Opinion
July 28, 1986
Appeal from the Supreme Court, Queens County (Miller, J.).
Judgment reversed, on the facts and as an exercise of discretion, without costs or disbursements, and a new trial granted on the issue of damages only, unless within 20 days after service upon the plaintiff of a copy of the order to be made hereon, together with notice of entry, the plaintiff shall serve and file in the office of the Clerk of the Supreme Court, Queens County, a written stipulation consenting to reduce the verdict as to damages to the principal sum of $175,000, and to the entry of an amended judgment accordingly. In the event the plaintiff so stipulates, then judgment, as so reduced and amended, affirmed, without costs or disbursements. The findings of fact as to liability are affirmed.
The plaintiff commenced this action to recover damages for injuries sustained when he was struck by an automobile driven by the defendant as he was crossing Greenpoint Avenue in Brooklyn. At the conclusion of the liability portion of the bifurcated trial, the defendant was found solely responsible for the accident. The defendant contends that the jury's finding that the plaintiff was not contributorily negligent is against the weight of the evidence. His motion to set aside the verdict upon this ground was denied by the trial court.
The trial court could, in its discretion, set the verdict aside if it found that the jury could not have reached its verdict on any fair interpretation of the evidence (see, Nicastro v Park, 113 A.D.2d 129). The evidence produced at the liability portion of the trial presented a question of fact regarding the color of the traffic signal on Greenpoint Avenue and the status of the pedestrian control signal, which the jury was capable of resolving in the plaintiff's favor. The plaintiff testified that he looked once down Greenpoint Avenue before stepping off the curb and that he took 3 or 4 steps without looking again before being struck. There was a fair view of the evidence that the plaintiff properly began to cross the street with the traffic and pedestrian signals in his favor after looking once for oncoming traffic, and that the plaintiff, charged with a duty of reasonable care under the circumstances to look for oncoming traffic before and while crossing, was not negligent in failing to take a second look during the course of 3 or 4 steps. Accordingly, it was well within the trial court's discretion to deny the defendant's motion (see, Nicastro v Park, supra).

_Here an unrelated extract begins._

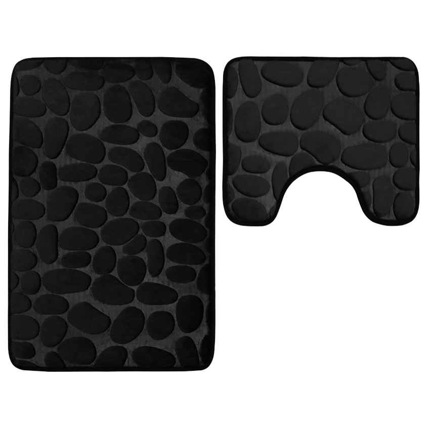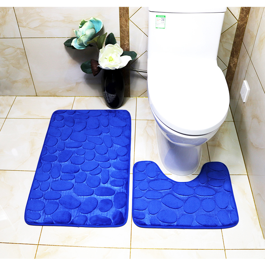 도매 양각 조약돌 산호 벨벳 흡수성 카펫 욕실 바닥 매트 화장실 U 자형 욕실 발 매트 2 피스 세트스토어 가기
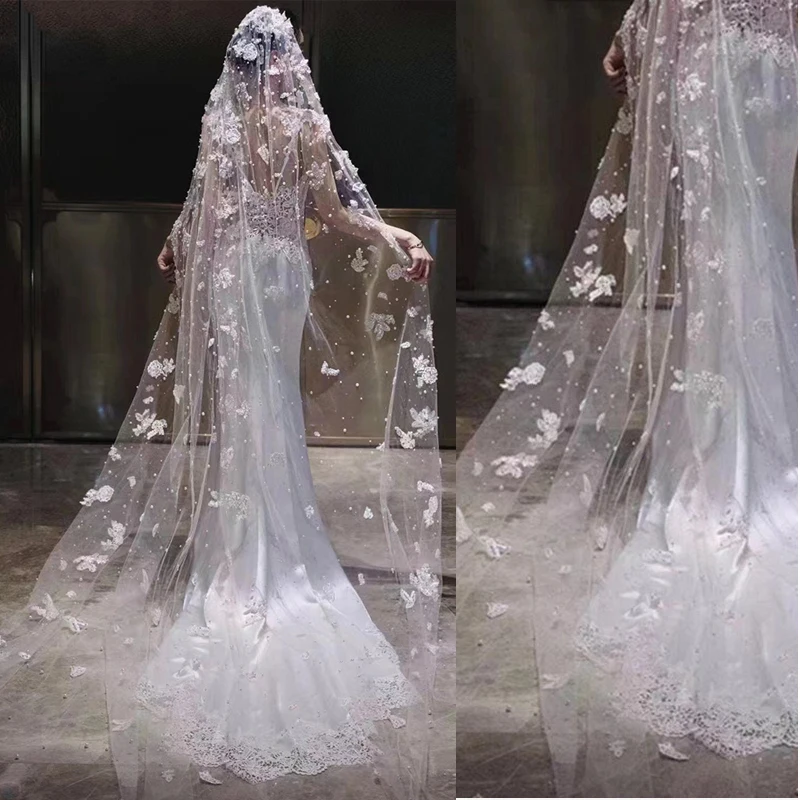Prinzessin Hochzeits schleier appliziert Perlen Blumen perlen Kathedrale Schleier ein schicht ige Ho...

The trial court correctly charged the jury with regard to a pedestrian's duty of care, incorporating the relevant portions of the traffic rules and regulations of the City of New York into the charge (see, Applebaum v Hersh, 26 A.D.2d 58). A review of the charge also reveals that to the limited extent that the court marshaled the evidence, it did so in a balanced manner.
Nor do we find, as the defendant contends, that the court erroneously excluded from evidence a log book kept by a crossing guard assigned to the intersection where the accident occurred. Although the log book may have met the requirements for admission as a business record (see, CPLR 4518 [a]), it was not necessary to place the book in evidence when the person who observed and recorded the accident testified at trial about her observations (see, Spoar v Fudjack, 24 A.D.2d 731).
We find, however, that the damage award was excessive to the extent indicated. Lazer, J.P., Thompson, Lawrence and Eiber, JJ., concur.